Sigurjón Birgir Sigurðsson (born 27 August 1962), known as Sjón ( ; ; meaning "sight" and being an abbreviation of his first name), is an Icelandic poet, novelist, lyricist, and screenwriter. Sjón frequently collaborates with the singer Björk and has performed with The Sugarcubes as Johnny Triumph. His works have been translated into 30 languages.

Early life 

Born in Reykjavík, Iceland, Sjón grew up in the city's Breiðholt district, where he lived with his mother.

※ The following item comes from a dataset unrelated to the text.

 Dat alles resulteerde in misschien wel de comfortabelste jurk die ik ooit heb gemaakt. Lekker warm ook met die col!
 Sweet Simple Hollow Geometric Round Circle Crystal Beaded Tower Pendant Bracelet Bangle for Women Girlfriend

He began his writing career early and published his first book of poetry, Sýnir (Visions), in 1978 at 16.

Career
He was one of the founding members of the neo-surrealist group Medúsa and became significant in Reykjavik's cultural scene.

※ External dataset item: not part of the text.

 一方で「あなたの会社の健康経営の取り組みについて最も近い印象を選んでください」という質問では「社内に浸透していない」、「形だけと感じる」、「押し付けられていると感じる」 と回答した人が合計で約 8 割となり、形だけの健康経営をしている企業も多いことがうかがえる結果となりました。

Active on the Icelandic music scene since the early 1980s, Sjón has collaborated with many of the best known artists of the era and was featured as guest vocalist on a rare Sugarcubes 12" single "Luftgitar" in 1987 using the name Johnny Triumph; this was accompanied by a music video of Sjón playing air guitar with Björk and Einar Örn Benediktsson. Sjón would occasionally reprise this role for the final encore of The Sugarcubes concerts, including the band's one-off 2006 reunion show in Reykjavík.

Björk
Sjón and Björk first met when they were teenagers, and together they formed a two-person band called Rocka Rocka Drum. Later, when Björk began her solo career in the 1990s, Sjón wrote lyrics for her. The pair teamed up to write the song "I've Seen it All" for the film Dancer in the Dark in 2000, and as a result, Sjón and Björk shared nominations for "Best Original Song" at both the 2001 Golden Globes and the 2001 Academy Awards. Two years later, Sjón was featured in the documentary Inside Björk. In 2004, Björk performed "Oceania" – a song that the two had written together – at the 2004 Summer Olympics Opening Ceremony in Athens, Greece.

Writing
In 2007, he contributed the original story and wrote the screenplay for the animated film Anna and the Moods. He also joined the cast, voicing the character Dr. Artmann.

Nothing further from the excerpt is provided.